I’m a civic app developer myself, having built several apps related to bicycling, transit, and development. I partnered with the CUTGroup to test and improve Chicago Cityscape, a website I created where residents can find the status of building projects in their neighborhoods.

The CUTGroup’s testing methods and credentials are meticulously documented on its website. The CTA should be commended for collaborating with an organization that gives regular Chicagoans from every ward the opportunity to road-test new apps and provide feedback about how they can be improved. CUTGroup is always accepting new members.

Glitches are inherent to software development.

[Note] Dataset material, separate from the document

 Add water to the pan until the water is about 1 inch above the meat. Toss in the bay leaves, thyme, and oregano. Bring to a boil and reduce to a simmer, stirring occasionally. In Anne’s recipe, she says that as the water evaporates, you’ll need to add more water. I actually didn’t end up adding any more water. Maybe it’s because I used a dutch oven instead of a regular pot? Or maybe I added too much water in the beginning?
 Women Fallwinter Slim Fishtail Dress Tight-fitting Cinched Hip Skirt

Having a number of curious transit customers try out the new Ventra app is a good way to ensure that developers have squashed as many of these bugs as possible.

  • Lakeview Guy

    ANYTHING that the CTA, Ventra, or any City agency does is going to be pure garbage.
    The Ventra rollout was a complete disaster, and I would expect nothing but the same with whatever “ap” they are developing.
    The fact that when tapping your Ventra card at a turnstyle STILL takes milliseconds to register is terrible and really slows down the turnstyles during busy times.

  • Anne A

    Since we’ve had so many issues with Ventra, I’m glad that they’re doing more beta testing. There are few things I hate more than ending up as an unwitting, unpaid beta tester of a not-ready-for-prime-time product.

  • I hear you on the Ventra card rollout. Heck, the old Chicago Card system used to tell you how much money was left on the card when you used it, and the Ventra card doesn’t even do that.

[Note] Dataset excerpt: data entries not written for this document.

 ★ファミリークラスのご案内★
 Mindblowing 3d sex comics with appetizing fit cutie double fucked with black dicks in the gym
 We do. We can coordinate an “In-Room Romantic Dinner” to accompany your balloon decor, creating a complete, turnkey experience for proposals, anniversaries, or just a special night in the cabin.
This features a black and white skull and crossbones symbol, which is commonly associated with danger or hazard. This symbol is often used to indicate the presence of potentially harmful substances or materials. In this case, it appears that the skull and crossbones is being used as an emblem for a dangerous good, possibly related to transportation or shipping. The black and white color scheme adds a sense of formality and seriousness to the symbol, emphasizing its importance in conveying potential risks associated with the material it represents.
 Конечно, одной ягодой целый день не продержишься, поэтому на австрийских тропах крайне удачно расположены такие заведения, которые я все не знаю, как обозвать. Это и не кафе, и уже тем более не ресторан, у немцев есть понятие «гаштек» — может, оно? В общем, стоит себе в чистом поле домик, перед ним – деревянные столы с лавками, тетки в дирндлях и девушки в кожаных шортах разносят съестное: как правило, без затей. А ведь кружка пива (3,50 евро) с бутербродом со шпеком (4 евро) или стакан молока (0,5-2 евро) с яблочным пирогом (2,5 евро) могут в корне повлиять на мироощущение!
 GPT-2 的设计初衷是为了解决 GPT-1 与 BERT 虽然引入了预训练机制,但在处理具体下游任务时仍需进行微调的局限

    But let’s not throw out the baby with the bathwater here. As Steven wrote, it appears that the transit agencies are performing due diligence to make the Ventra mobile app launch as seamless as possible. I suggest you give them the benefit of the doubt until you get a chance to try the app yourself.

  • Kim

    why don’t they work instead on making their website more user friendly, it hasn’t changed a bit since the launch nearly two years ago now. The CTA site still tries to send me to the defunct Chicago Card Site to answer my question, before redirecting me to the ventra site which has no user friendly way have answering of the same questions. I have to email and wait god knows how long for an answer.

  • R.A. Stewart

    Otherwise known as The Microsoft Experience.

  • Anne A

    Exactly – my inspiration for the comment.

  • duppie

    It is a website that seems stuck in the early 00’s. The only other website in the transit sphere that is worse, is the RTA commuter transit benefit.

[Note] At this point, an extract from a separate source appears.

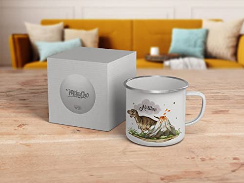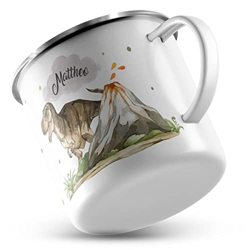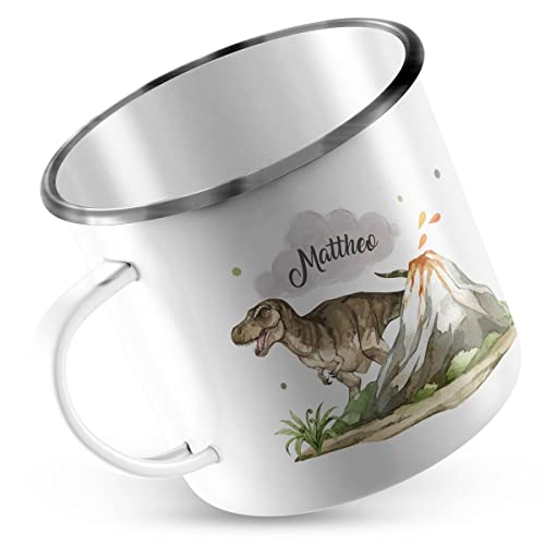 EMAILLE TASSE mit hochwertigem Aufdruck Tyrannosaurus Rex personalisiert mit Wunschname – mit einem gefährlichen T-Rex und einem Lava spuckenden Vulkan

    Of all e-commerce sites that I use (dozens, at least) Ventra is the only one that requires the user to put in the CCV number of their credit card for every single transaction. This slows down the recharge transaction unnecessarily.

    Also, no matter how hard I try, I cannot delete expired credit cards.

  • jpcguy89

    I think an issue with this idea is this is, in part, meant to be a replacement for getting tickets from the metra ticketing agents and vending machines at Ogilvie. The problem with that is, Ogilvie has absolutely no reception with any major network, especially if you are ON the train, which most users will likely be when they try to purchase a ticket.

  • foxtown

    John – any news on when the app will be ready? I’m excited to use it actually. It should beat waiting in line at a ticket counter.

  • Fall 2015.

    Here’s a statement the CTA just issued us in response to your question.

    “To meet the very high standards that have been set for the first ever Ventra fare payment app for CTA, Metra and Pace, the service boards tested the app through the CUTGroup as well as through public testing to make adjustments and improvements. While we received great feedback from the CUTGroup this summer, by opening the app to public testing, we are able to broaden and diversify the test group so that we hear from as many voices as possible leading up to the official launch this fall.”

  • Anne A

    I really miss that feature from the old Chicago Card system. With Ventra, there have been a few times when I took a train trip that pushed me into a negative balance, then just had a feeling I should check the balance.